Items are either direct 'sparse graph' keys (i.e. the value users fill in for this key are mapped one-to-one to a node/edge in the ETM graph) or they are not.

A direct one-to-one sparse graph key directly relates to a Node or an Edge in Atlas in combination with an attribute. All one-to-one interface elements are named like so: <node/edge name>_attribute. For example, the interface element named households_final_demand_network_gas_demand directly sets the demand of the node households_final_demand_network_gas.

The other option is to define a custom item key. By convention, custom keys start with input_. Custom keys can be used if directly setting a node/edge value is not intuitive for users. Take for example the node energy_power_supercritical_coal_production.
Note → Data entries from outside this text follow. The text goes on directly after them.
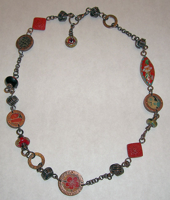 It’s mostly copper and I used washi paper for the pictures in the charms. It didn’t work out that well. I need to seal the paper before putting the other side on. Lesson learned. I used some of my own glass beads and some I bought eons ago. The metal knots are coils of wire that are interlocked together. They are called Danish knots.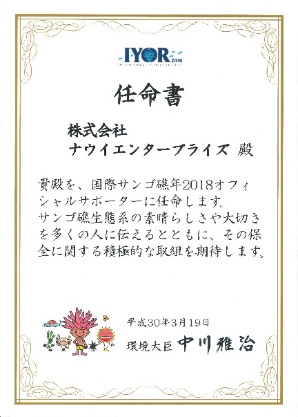 環境省より「国際サンゴ礁年2018オフィシャルサポーター」として任命を受けました。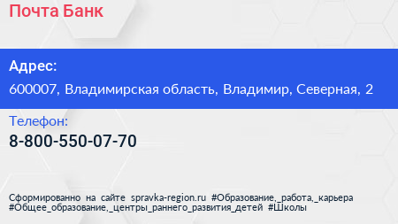 Почта Банк по адресу 600007, Владимирская область, Владимир, Северная, 2 в дальнейшем Организация, размещена в следующих категориях: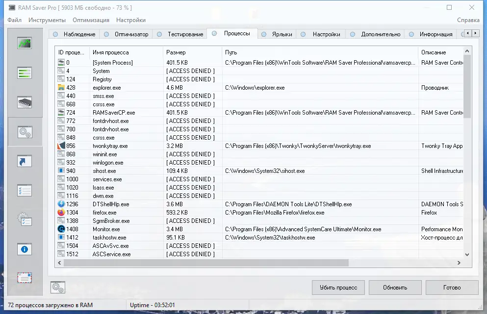 Этот комплексный продукт служит для дефрагментации системной памяти, восстановления утечек и освобождения RAM путём временного перемещения неиспользуемых драйверов и библиотек в swap-файл. Такой подход позволяет ускорить работу приложений, требующих максимальной загрузки процессора и оперативной памяти. RAM Saver Pro помогает оптимизировать работу операционной системы даже на слабых компьютерах, повышая общую эффективность использования ресурсов и снижая нагрузку на аппаратные компоненты.
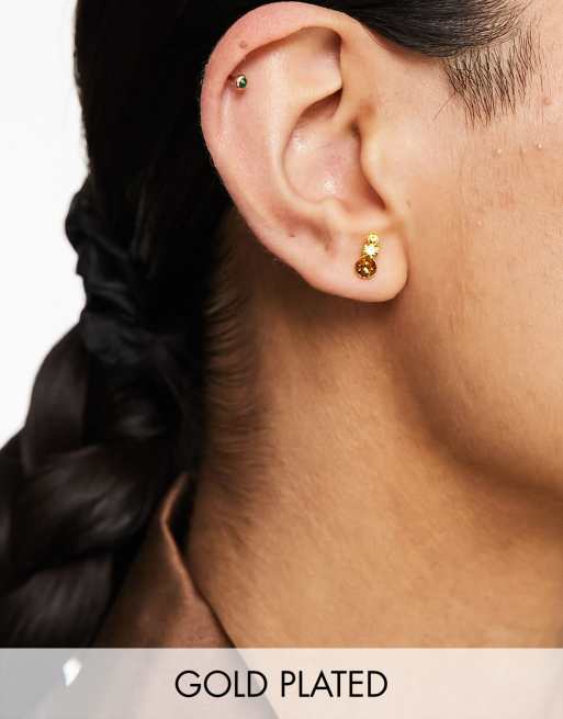 Kingsley Ryan – Pozłacane kolczyki z trzema kamieniami w kolorze bursztynowym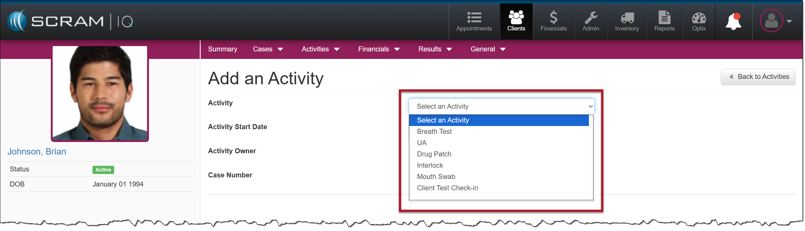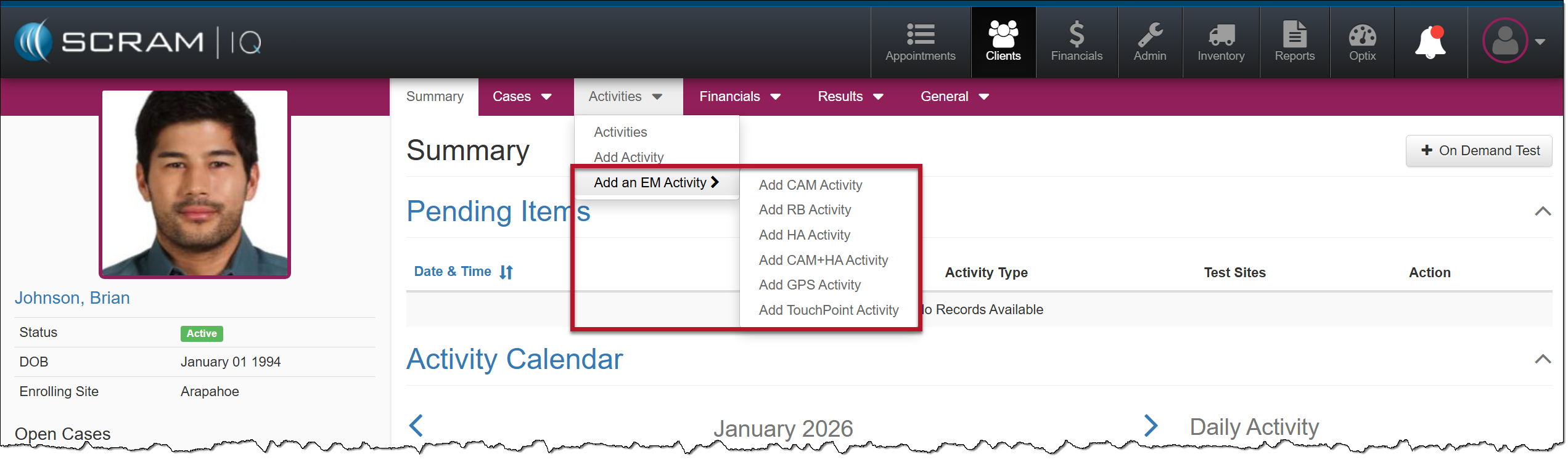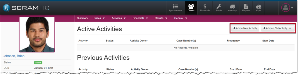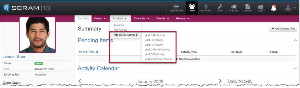 | Tip: The available Activity options will reflect the activities currently active in your program and the EM Activities you have access to. Additionally, if an Activity is currently active for the client, that option will NOT appear in the dropdown menu. |

In the ETM graph the demand of this node equals the primary demand of the coal power plant, i.e. how much coal goes into the plant. The user is unlikely to know this, but may know how much electricity is produced by the power plant. So rather than adding a key named energy_power_supercritical_coal_production_demand to the ETLocal front-end (which would directly set the primary demand of the coal power plant) we create a custom key called input_energy_power_supercritical_coal_production.

In this input field the user can specify how much electricity the coal power plant produces. We can then use a sparse graph query to convert this user input to the appropriate node demand. In this case we can do so by dividing the user input (i.e. the total electricity production) by the electricity output efficiency of the energy_power_supercritical_coal_production node. This will give us the nodes' primary demand.